Measurements like Body Mass index (BMI) and Waist to Height Ratio (WHtR) aren’t the only factors in determining how healthy you are. The healthy choices you make each day also play an important role.
5-2-1-0 is an evidence-based message created by Let’s Go!, a nationally recognized childhood obesity prevention program for children and families. The 5-2-1-0 healthy strategies are thought to have the greatest impact on bringing healthy eating and active living choices to life.
Read about the 5-2-1-0 recommendations below. Ask yourself, how many of these healthy recommendations do you practice each day? Give yourself a star for each accomplishment and try to reach four stars daily! Get the family involved and become healthy champions together!

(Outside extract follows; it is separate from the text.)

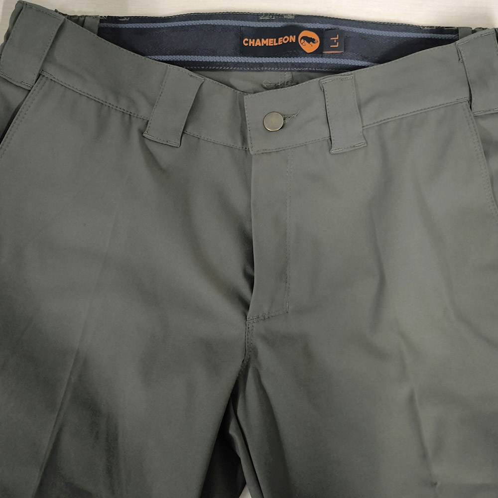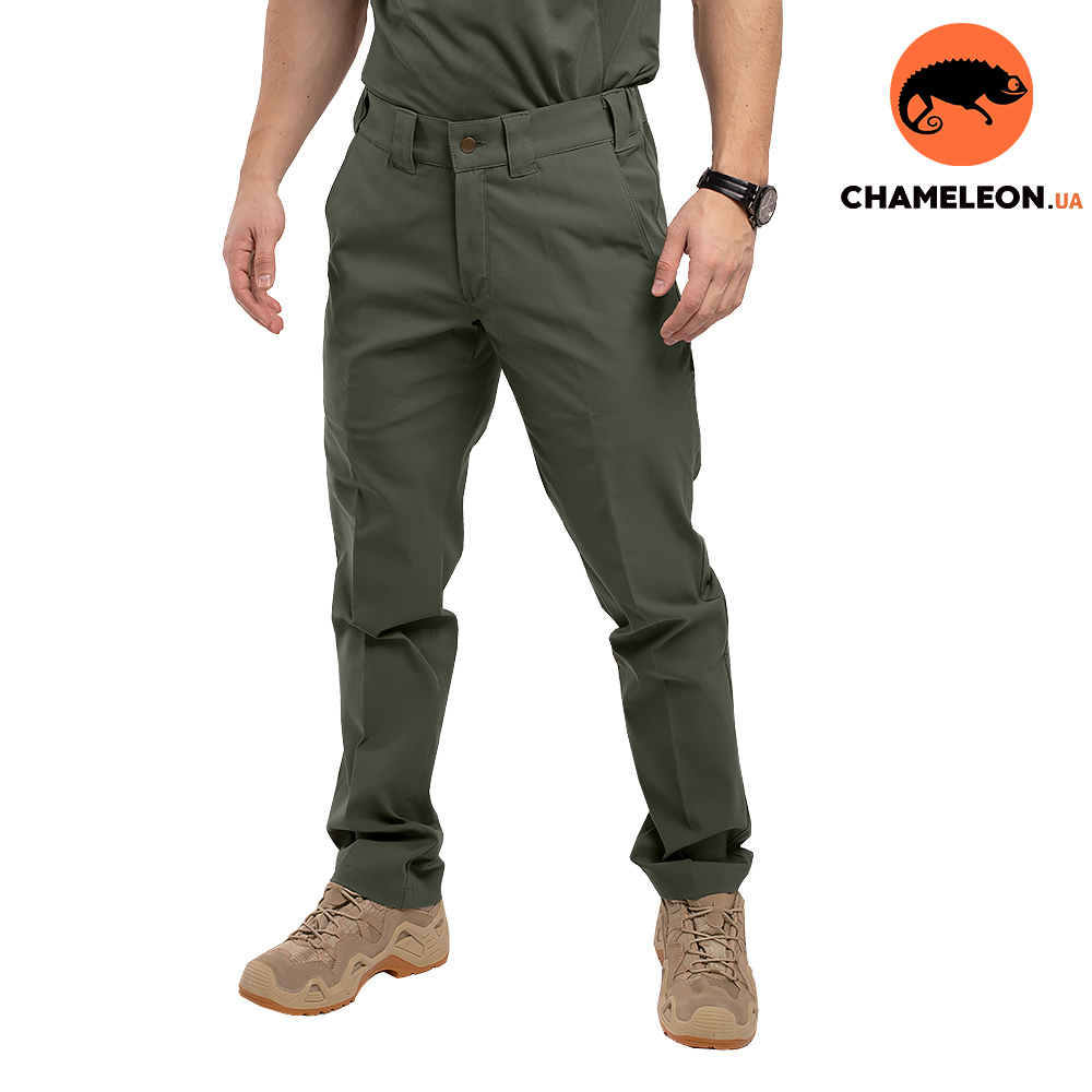 Брюки средней посадки, застегиваются на пуговицу, гульфик на молнии. Широкие шлевки под тактический ремень. Корсажная лента с латексными вставками вшита в пояс для придания изделию дополнительной прочности, предотвращает скольжение, чтобы заправленная в брюки рубашка не выбивалась наружу.

- 5 or more fruits and vegetables
A diet rich in fruits and vegetables provides vitamins and minerals, important for supporting growth and development, and for optimal immune function in children. High daily intakes of fruits and vegetables among adults are associated with lower rates of chronic diseases such as heart disease, stroke, high blood pressure, diabetes, and possibly, some types of cancers. Emerging science suggests fruit and vegetable consumption may help prevent weight gain, and when total calories are controlled may be an important aid to achieving and sustaining weight loss.
- 2 hours or less recreational screen time*
According to the American Academy of Pediatrics (AAP), the average child watches an average of 5–6 hours of television a day. Watching too much television is associated with an increased prevalence of overweight and obesity, lower reading scores and attention problems. The AAP therefore recommends that children under age two shouldn’t watch any television. In addition, the AAP recommends no TV or computer in the room in which the child sleeps, and no more than 2 hours of screen time a day.

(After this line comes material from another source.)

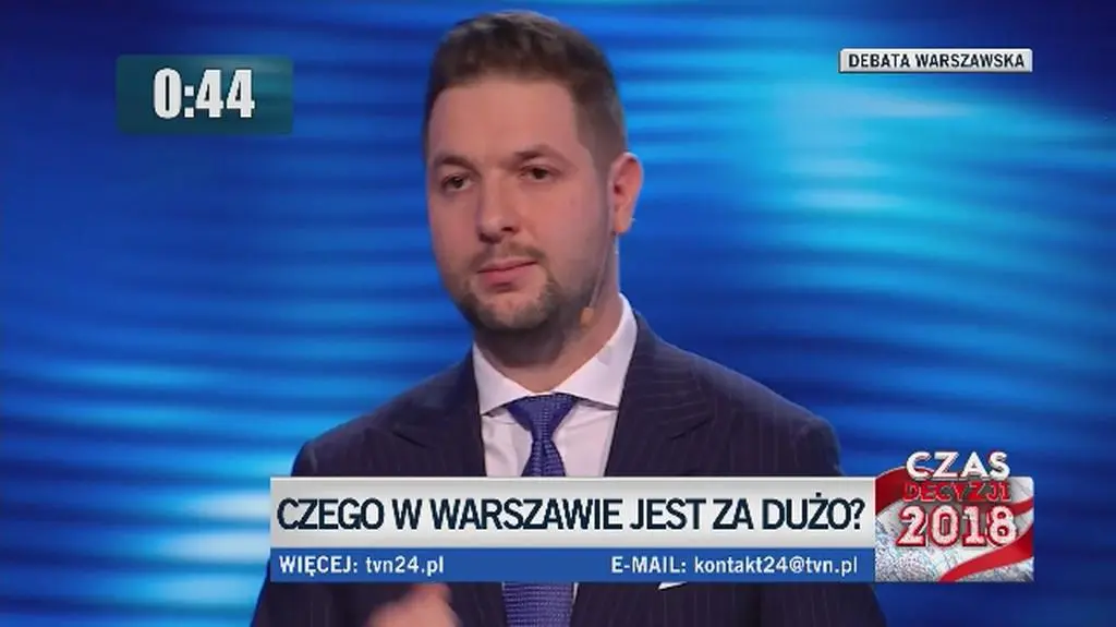 21.34 Patryk Jaki: Za mało jest żłobków i przedszkoli, świetlic i zajęć poza lekcyjnych. Za mało jest planów zagospodarowania, parków i miejsc zielonych. Za mało jest linii metra, obiektów sportowych, linii tramwajowych. Za mało w tej chwili jest dyskusji o sprawach merytorycznych, a za dużo o PiS-e, więc potrzebujemy wreszcie bezpartyjnego prezydenta.

*Keep TV/computer out of the bedroom. No screen time under the age of 2.
- 1 hour or more of physical activity
Regular physical activity is essential for weight maintenance and prevention of chronic diseases such as heart disease, diabetes, colon cancer and osteoporosis. While most school age children are quite active, physical activity sharply declines during adolescence. Children who are raised in families with active lifestyles are more likely to stay active as adults than children raised in families with sedentary lifestyles.

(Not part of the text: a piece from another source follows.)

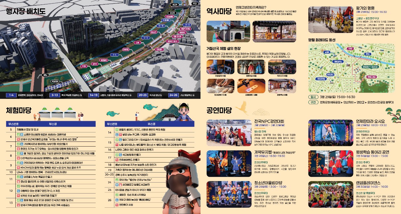 올해 축제에서는 지역 축제 최초로 전국 NPC 경연대회가 개최됩니다. NPC(Non-Player Character) 콘셉트를 가진 참가자들이 직접 창작한 캐릭터로 분장하여 개성 있는 퍼포먼스를 펼치는 대회로, 유머와 창의력이 돋보이는 무대가 펼쳐질 예정입니다. NPC 경연대회는 방문객들에게 색다른 볼거리를 제공하며, 참여자들에게는 창작의 즐거움을 선사할 것입니다.

- 0 sugary drinks, more water & low fat milk
Sugar-sweetened beverage consumption has increased dramatically over the past 20 years; high intake among children is associated with overweight and obesity, displacement of milk consumption, and dental cavities. It is recommended that children 1–6 years old consume no more than 4–6 ounces of juice per day and youth 7–18 years old consume no more than 8–12 ounces. Whole milk is the single largest source of saturated fat in children’s diets. Switching to low or non-fat (1%) milk products significantly reduces dietary saturated and total fat, as well as total calories.